M: Of course.
T: Tell me what you need from me? Tell me what you need to feel comfortable here. I want you to feel you made the right decision.
[He thinks they won. He thinks we’re in KS and I gave in. Have to play it.]
M: I did this to know what I’m capable of, not to help you. Not to help whoever’s controlling you.
T: No one is controlling me, or you for that matter. They simply want us to explore the world’s potential. All our potential.
M: To control us. For their own gain.
T: You have no conception of the incredible things that’ve done for this world, while asking for none of the credit.
M: Like what they did to your son? What they did to Nate?
[Mistake. He’s pissed.]
M: I’m sorry.
T: What happened with my son was not… Was not their doing. It was mine. Do you have any idea how many people are walking this earth like you? Like Nate? Unaware of what they’re truly capable of, unaware of the wonderful and terrible things they can do? Untrained, unskilled. Unbelieving. You think magiq is some idyllic energy, floating around us like butterflies. I have seen the terrifying things it can do.
M: Like the Storm? Is that for the good of the world too?
[He’s up, walking around. I’ve lost him. I have to check my own feelings. My anger. It was a lot smoother with Augernon. Somewhere inside him Teddy doesn’t want to tell me anything.]
T: Have you ever heard of Saverina’s Canon?
M: No.
T: Saverina was a very talented storyteller who lived in the 16th century. Her books are the rarest of all mundane works. She was considered la strega because, according to lore, her stories were spells. They had power in them. Though you and I both know that’s entirely possible, it wasn’t true for Saverina. Before her death she published twelve canonic works, and my beloved wife, Ava, and I had collected eleven of them on our travels around the world. That is how we stumbled upon the Silver, as you call them.

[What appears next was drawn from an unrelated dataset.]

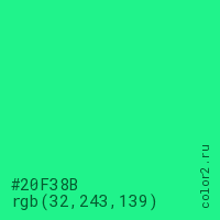 Цвет #20F38B в цветовой модели RGB обозначается тремя октетами (32, 243, 139) в десятичном формате и #20F38B в шестнадцатиричном (hex) формате, которые являются интенсивностью красного 32 (hex 20), интенсивность зелёного 243 (hex F3) и интенсивность синего 139 (hex 8B).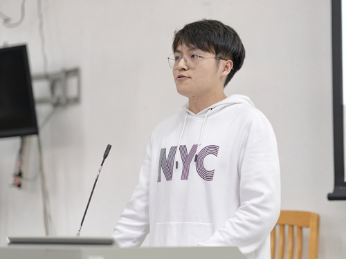 蔡明睿同学结合“努力.坚持.自知”的主题,与大家分享了自己在数据挖掘实验室的历练和成长。通过在数挖团队的学习和锻炼,使他更坚定了自己的人生目标,而且做出了属于他们自己的项目。“我喜欢参加比赛的时候可以穿正装,这让我觉得做项目真好”。他还从努力、坚持、朴实等三个方面,与同学们分享了成功带来的经验与激励。“以前觉得代码什么都做不了,现在却是代码什么都能做得了。”在实验室里他从零学起,但是从未放弃,一直都很努力,坚持信念,并且从迷茫中找寻真正的自我。参加了很多比赛,通过不断的实践来提升自己,从实验中学习,从学习中反馈给实验。“让学习成为呼吸,每天一点,厚积薄发”,蔡明睿鼓励大家要冲破迷雾,坚持不懈,永不放弃,做一名出色的新时代新青年。

After finding them, my new work with them became my life, while Ava cared for our son. We never found the sixth book. It was lost to history. But I used to read the other books to Nate. He always wanted to hear about our travels, how exciting it was to find a new book. I was gone for much of his childhood. And as young boys often do, he did whatever he could for his father’s attention. For my approval. My pride. By the time he was five things would go missing from the house and he’d confess that he had “unhooked” them, we thought he was lying at first, acting out… until we replaced the roof on the house, and in the eaves we found a keepsake box, untouched for decades. With Ava’s lost engagement ring inside it.